Bench Memos

Obamacare Architect Embraced Anti-Subsidy Reading

If this doesn’t quiet down the crazies on the Left, nothing will.

It turns out that leading Obamacare architect (and MIT economist) Jonathan Gruber embraced the exact reading of the exchange-subsidy provisions that the plaintiffs challenging the Obama administration’s application of those provisions have advanced. Specifically, in a January 2012 presentation, Gruber explained:

[S]o these health-insurance Exchanges … will be these new shopping places and they’ll be the place that people go to get their subsidies for health insurance. In the law, it says if the states don’t provide them, the federal backstop will. The federal government has been sort of slow in putting out its backstop, I think partly because they want to sort of squeeze the states to do it. I think what’s important to remember politically about this, is if you’re a state and you don’t set up an Exchange, that means your citizens don’t get their tax credits. But your citizens still pay the taxes that support this bill. So you’re essentially saying to your citizens, you’re going to pay all the taxes to help all the other states in the country.
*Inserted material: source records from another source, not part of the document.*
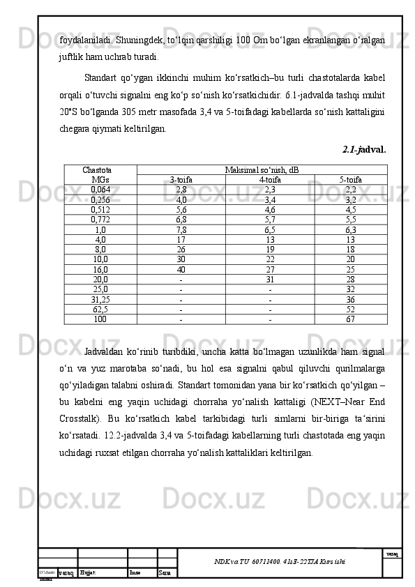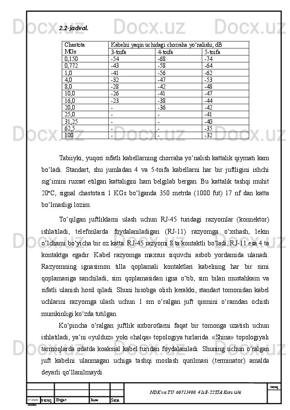 | 2.2 O‘ralgan juftlik asosidagi kabellar................................................................. | |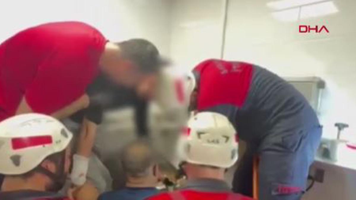 İsmail K. kıyma makinesiyle birlikte hastaneye kaldırıldı. İtfaiye ekipleri, makineyi keserek İsmail K.'nın elini sıkıştığı yerden kurtardı.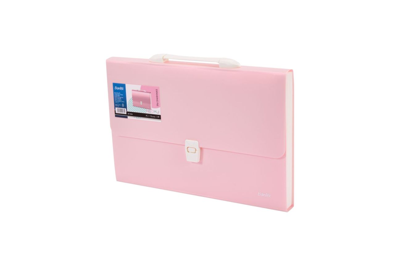 BF1504-PNK-BANTEX BF1504 F4 PP S-COLOR EXPANDING FILE 13 POCKETS W/HANDLE PINK-140018535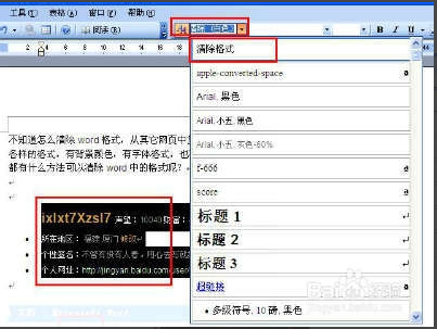 如果您是word2007的话,建议您用一下方法去除文章格式: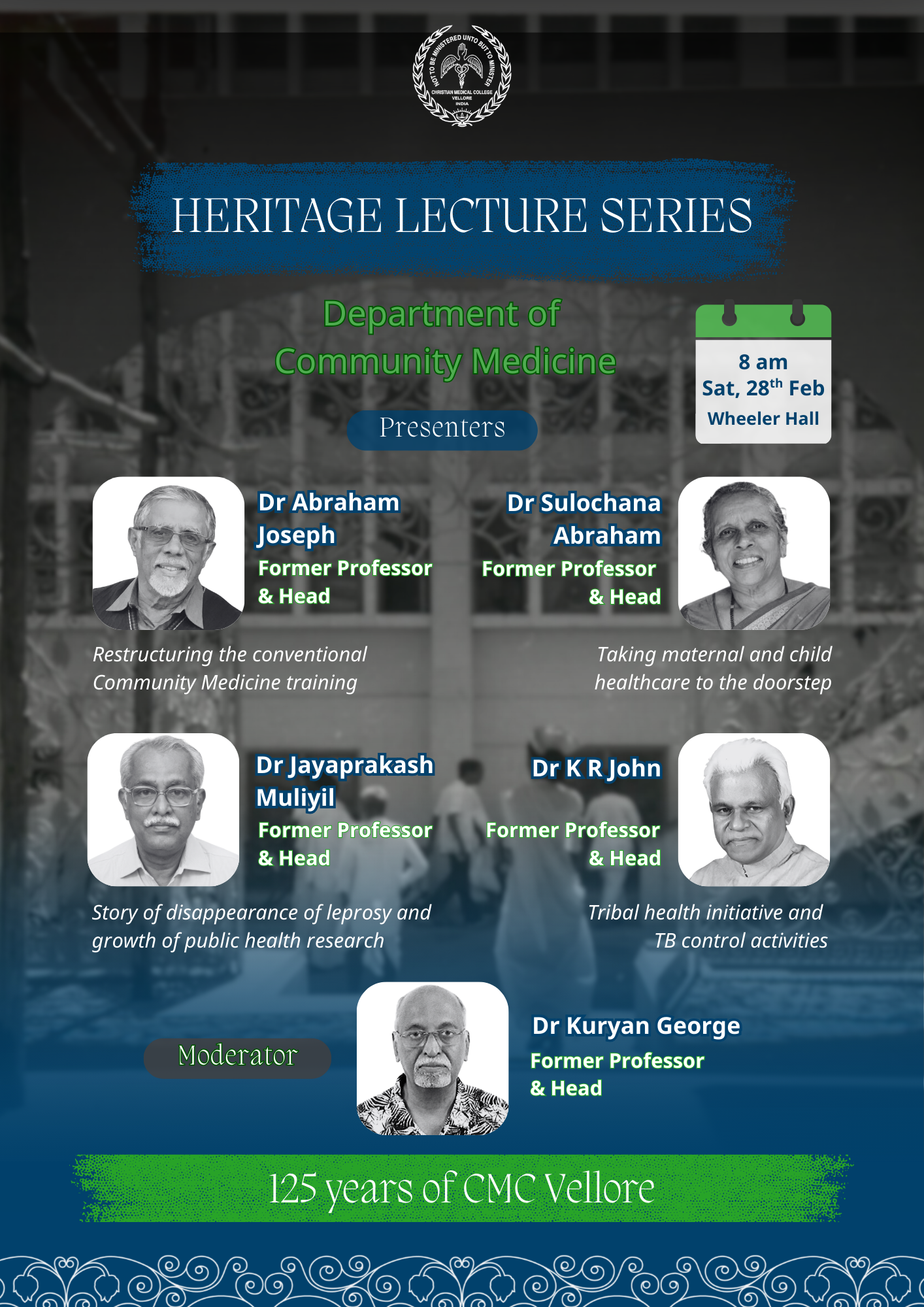 For discerning patients seeking an expert medical opinion they can genuinely trust, CMC Vellore delivers a wide spectrum of healthcare services under one roof – with integrity, compassion and excellence, the signature of close to 125 years of service in the spirit of Christ. Everyday, over 9000 patients from diverse communities near and far visit CMC Vellore, one of the countryโ€™s leading hospitals.
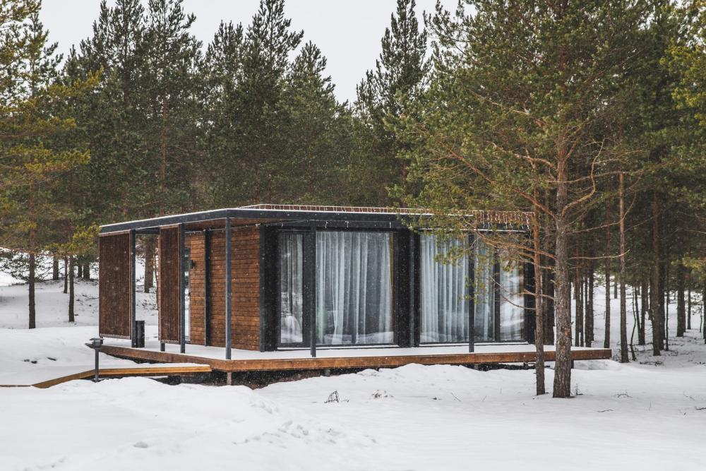 Номер "Студия" – это отдельный модуль площадью 34 кв. м., расположенный вдоль береговой линии Вуоксы. Благодаря удобному зонированию пространства, в доме есть спальня и гостиная-студия с полностью оборудованной встроенной кухней, обеденным столом и зоной отдыха с телевизором. Номер рассчитан на 2 гостей с возможностью предоставления одного дополнительного места для гостей до 14 лет (диван). В номере "Студия" не предусмотрено проживание с животными.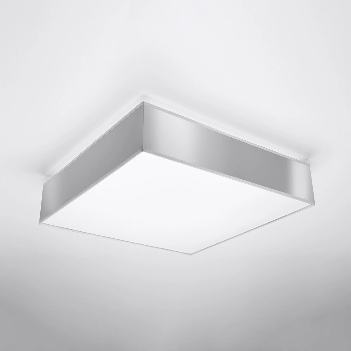 Plafon zaprojektowany jest w prostopadłościenną formę, opartą na kształcie kwadratu. Metalowa obudowa dostępna jest w trzech kolorach: białym, czarnym i szarym. Możliwy jest również wybór wielkości spośród szerokości 25, 35, 45 i 55cm. Gwint E27 umieszczony w środku lampy jest bardzo uniwersalny i można wkręcić do niego żarówki tradycyjne, LED, halogenowe czy energooszczędne. Lampa zaprojektowana jest także w taki sposób, aby montaż był niezwykle prosty i szybki.

I hope that’s a blatant enough political reality that states will get their act together and realize there are billions of dollars at stake here in setting up these Exchanges, and that they’ll do it

Cato’s Michael Cannon, who (with Jonathan Adler) has spearheaded the challenges, has much more here (including a video of Gruber’s remarks).

Update: As Gruber tries to run away from his comments, John Sexton and Peter Suderman highlight similar comments by Gruber on another occasion.